- [WHAT IS BEING ASKED]:
Every line from the one with "At about 6 pm, inside" up to and including the one with "La  vivienda se" is to be output exactly as it appears below; pictures are not.

------------

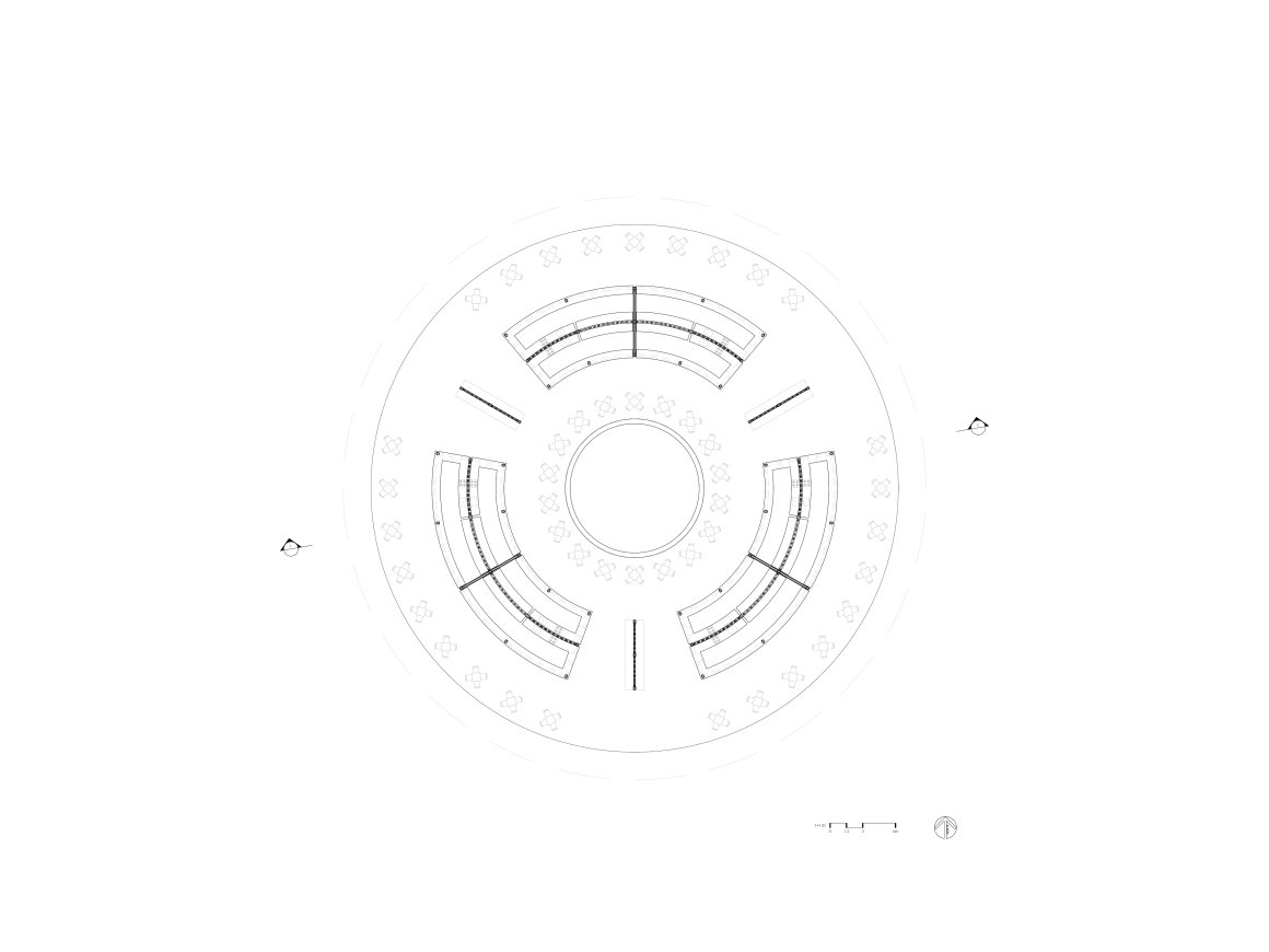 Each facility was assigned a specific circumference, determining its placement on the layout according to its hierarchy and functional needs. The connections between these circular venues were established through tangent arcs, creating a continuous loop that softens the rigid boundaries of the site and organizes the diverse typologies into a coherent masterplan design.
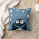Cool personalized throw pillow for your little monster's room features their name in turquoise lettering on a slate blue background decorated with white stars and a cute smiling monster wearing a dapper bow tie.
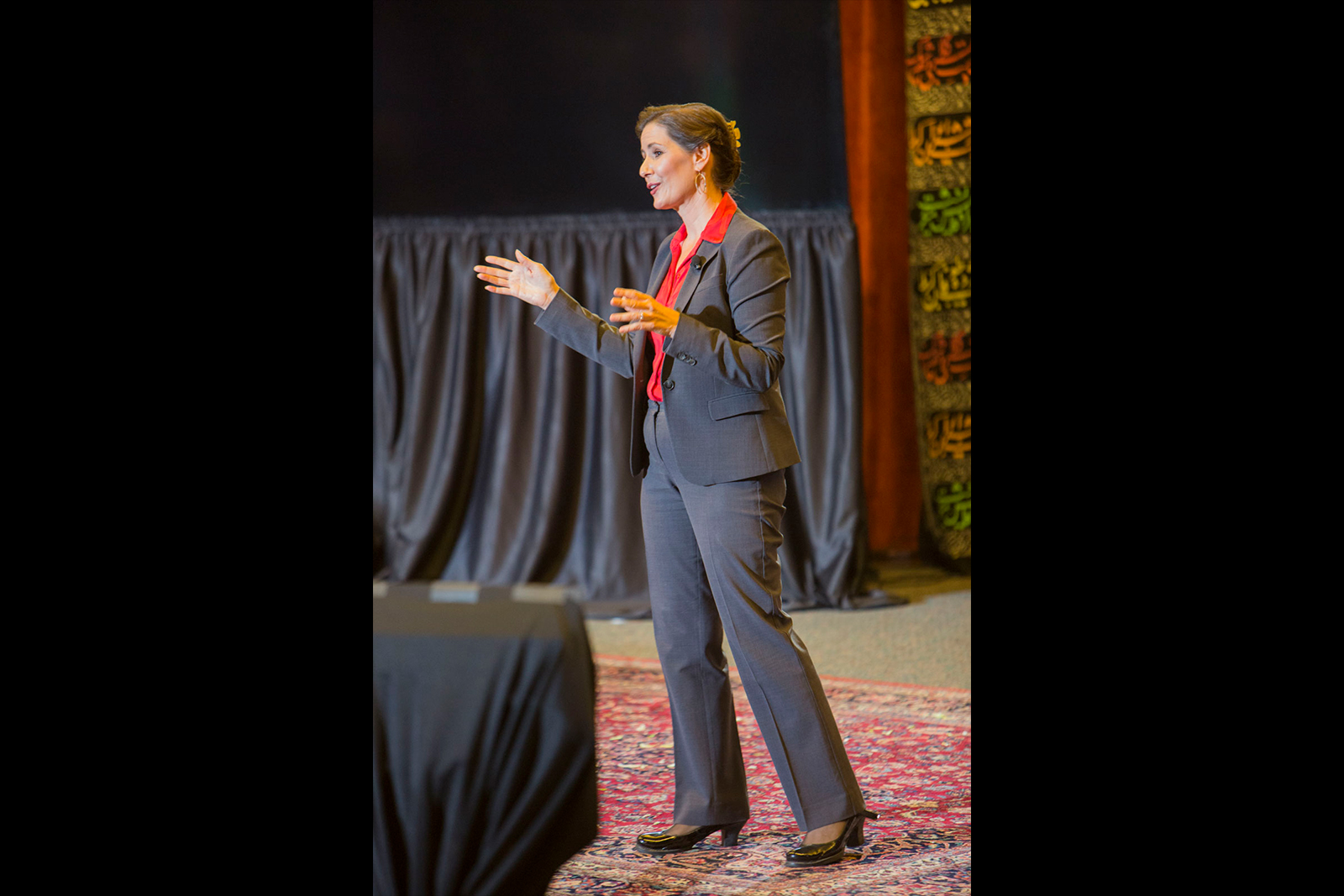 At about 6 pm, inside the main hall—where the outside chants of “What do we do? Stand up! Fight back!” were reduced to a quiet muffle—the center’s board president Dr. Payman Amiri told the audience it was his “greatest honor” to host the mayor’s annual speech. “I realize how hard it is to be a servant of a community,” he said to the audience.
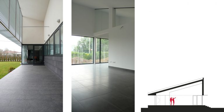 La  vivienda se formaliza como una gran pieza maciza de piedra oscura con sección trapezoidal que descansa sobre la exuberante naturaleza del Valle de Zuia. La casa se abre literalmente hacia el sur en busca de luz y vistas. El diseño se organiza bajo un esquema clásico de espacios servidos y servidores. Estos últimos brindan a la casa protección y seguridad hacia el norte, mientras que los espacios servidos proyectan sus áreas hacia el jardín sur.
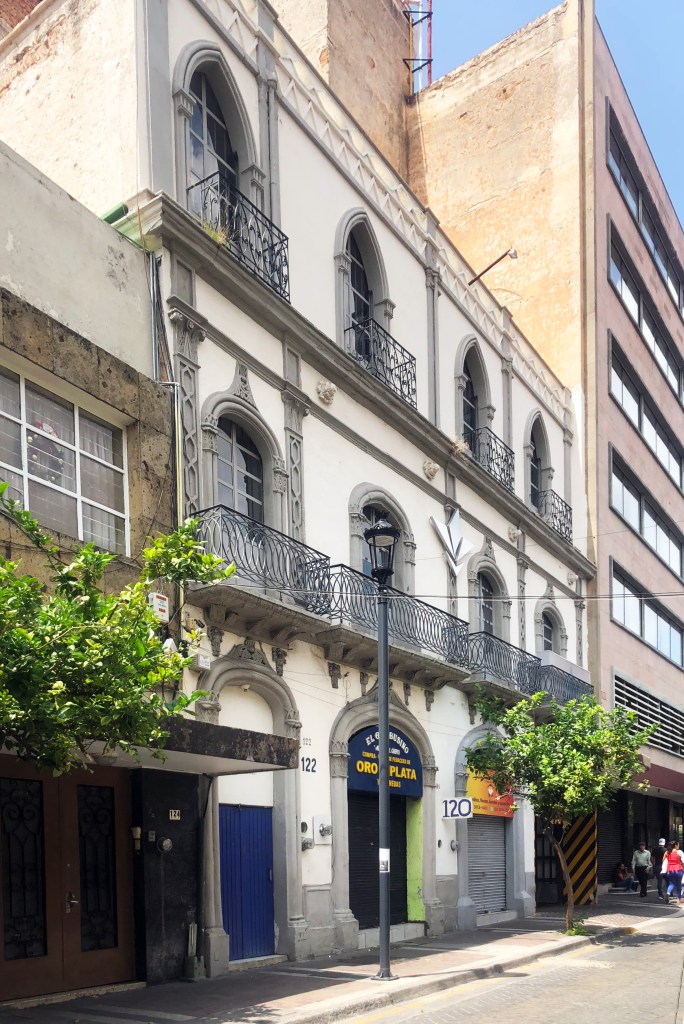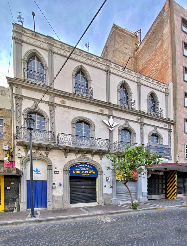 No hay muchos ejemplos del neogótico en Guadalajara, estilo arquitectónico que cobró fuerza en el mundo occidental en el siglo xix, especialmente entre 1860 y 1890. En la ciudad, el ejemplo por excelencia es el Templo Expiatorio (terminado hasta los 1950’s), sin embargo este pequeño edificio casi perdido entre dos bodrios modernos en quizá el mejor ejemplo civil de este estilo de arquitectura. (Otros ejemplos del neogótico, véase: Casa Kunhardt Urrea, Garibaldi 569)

------------

- [RESULT OF THE TASK]:
 At about 6 pm, inside the main hall—where the outside chants of “What do we do? Stand up! Fight back!” were reduced to a quiet muffle—the center’s board president Dr. Payman Amiri told the audience it was his “greatest honor” to host the mayor’s annual speech. “I realize how hard it is to be a servant of a community,” he said to the audience.
 La  vivienda se formaliza como una gran pieza maciza de piedra oscura con sección trapezoidal que descansa sobre la exuberante naturaleza del Valle de Zuia. La casa se abre literalmente hacia el sur en busca de luz y vistas. El diseño se organiza bajo un esquema clásico de espacios servidos y servidores. Estos últimos brindan a la casa protección y seguridad hacia el norte, mientras que los espacios servidos proyectan sus áreas hacia el jardín sur.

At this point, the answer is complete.